# City-State



## Thoreau (May 4, 2012)

Hey I have been studying ALOT about these stuff, aligned with my History teacher that is also from the counterculture and antisystem, he is not a capitalist by any ways nor a comunist or an anarchist. He, as I, think that things must be adapted to the situation your faced with, no one size fits all or any ideaology, its all hibrid. 
So my question is, do you think City-States can work? And i mean medium-large cities, idealy with a maximum of 1milion inhabitants.
So cities would be preferbaly self suficient at least in food and water so one city cannot buy another off. And well they would trade betwhen them, they may create their currencies, idealy trade by trade. 
Have you seen Zeitgeist movies? Maybe like that, but withouth the computer that does the decisisons, becouse that does not seam viable at the moment, but of course as much more tecnology better, and people would only be in charge of the city's maintence and improvement, the rest of the time and aim would be, well freedom, no individual gains whatsoever, in terms of money or owning lots of stuff liek houses or whatever. 
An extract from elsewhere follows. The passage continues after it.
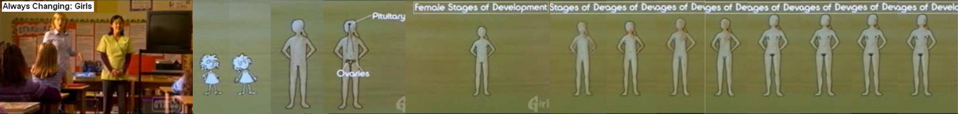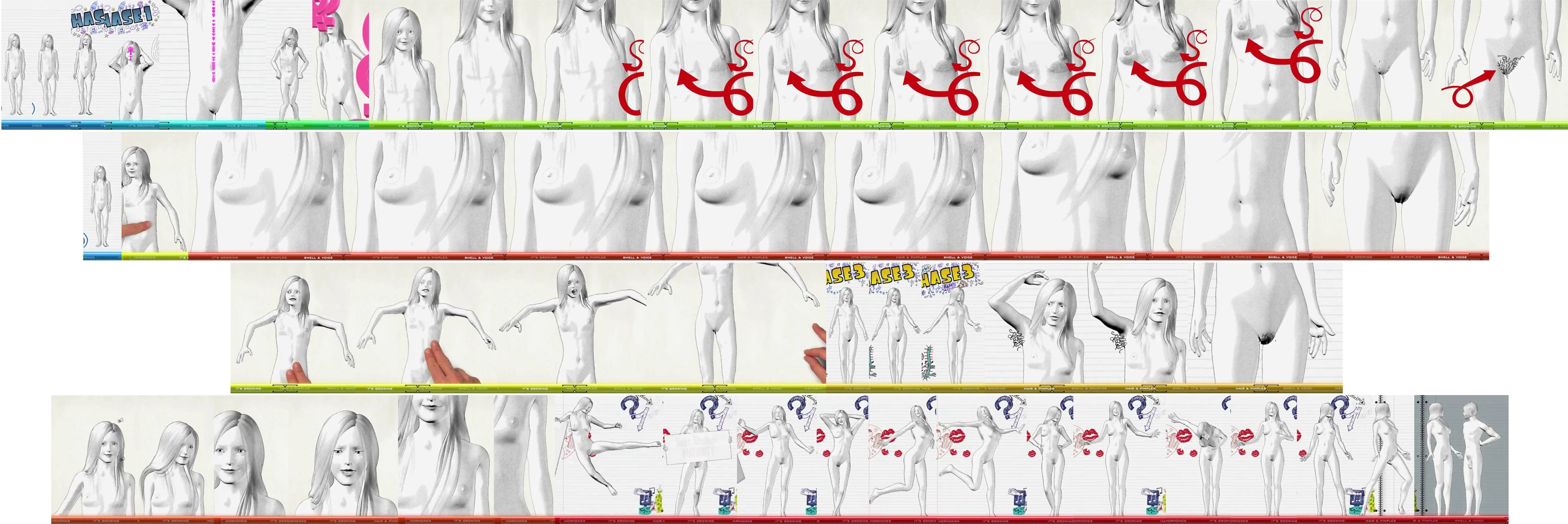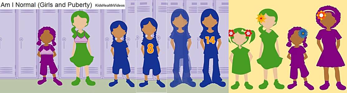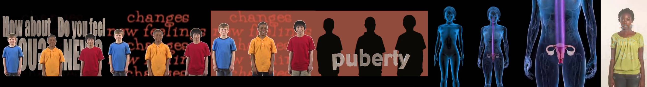 Animated puberty documentaries with comic growth animations.
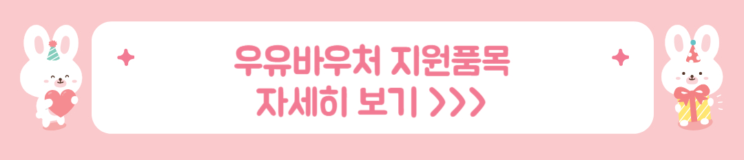 - 국산 흰 우유 및 국산 원유 50% 이상이 함유되어 있는 딸기 우유 등의 가공유와 요거트, 치즈류 등을 구매할 수 있습니다.

Discuss please, it may be feazable in some countries, even in the US after its (hopefully) implosion and separation
Add ideas


----------



## Pheonix (May 23, 2012)

What's this city-state thing you talk about it sound like Confederacy with a hippie twist. It seems like City-States is another way to describe confederacy without saying "confederacy" kind of like "State-rights".


----------



## Thoreau (May 24, 2012)

Well it would basicly be cities with their own government, let me give you an example, the US, it has a federal goverment, but in case of dismebrament, what would be left were states, that are now independent countries. The city-state concept goes deeper than that, since a state in the US is usually about the size of an european country, it must divide itself further, to a point of, for example, the city-states before the italian unification. With about the same size and withouth all the battles in beetwhen.
I believe that something like that would be the maximum of democracy, and where democracy could really work. Becouse the more persons you have in your country, the more likely opinions, ways of life and world views are diferent.


----------



## Pheonix (May 24, 2012)

It would just separate the states even more, California would be super liberal and Texas would be super Republican and eventually states would start going to war with each other. Who's going to protect Michigan from Ohio?


----------



## Auto (Jul 13, 2012)

Aristotle said that if a city-state reached more then a 50,000 population, freedoms would be lost. I like the city-state idea, masses of people are easily manipulated into wanting things that are not in their best interest, it would be much better to have a smaller populace, you would most likely personally know most of the people that are running things. Lew Rockwell often talks about the city-state idea if you are interested.


----------